Novel parameter extraction for Single, Double, and three diodes photovoltaic models based on robust adaptive arithmetic optimization algorithm and adaptive damping method of Berndt-Hall-Hall-Hausman

Experimental data-oriented parameter extraction helps in giving an accurate assessment to forecast the output current of the photovoltaic cells. This may be very beneficial in the modeling, optimization, partial shading, and assessment of the PV systems both practically and conceptually. Attributed to the reason that hybrid techniques incorporate the advantages of two or more algorithms, they outperform stochastic methods in solving the given complex multi-dimensional and multi-model optimization problems. Many authors have proposed hybrid methods to improve precision, steadiness, and overall efficiency. However, most of the algorithms concentrate on the methodology in the literature, and little attention has been paid to the objective function formulation, leading to a theoretical void in this area of research. In this work, we present a robust adaptive Arithmetic Optimization Algorithm based on the adaptive damping Berndt-hall-hall-Hausman (RaAOAAdBHHH) approach to efficacity determine the parameters of the single, double, and three diode PV model.
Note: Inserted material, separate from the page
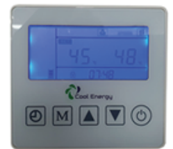
Intelligent touch screen controller

The experimental results demonstrate that the proposed RaAOAAdBHHH approach successfully minimizes error to zero with rapid convergence, as determined by different statistical criteria and compared to experimental data.

Automated summary

Experimental data-oriented parameter extraction is crucial for accurately assessing the output current of photovoltaic cells. In this study, a robust adaptive arithmetic optimization algorithm based on the adaptive damping Berndt-hall-hall-Hausman approach is proposed to determine the parameters of single, double, and three diode PV models. The experimental results demonstrate the effectiveness and rapid convergence of the proposed approach.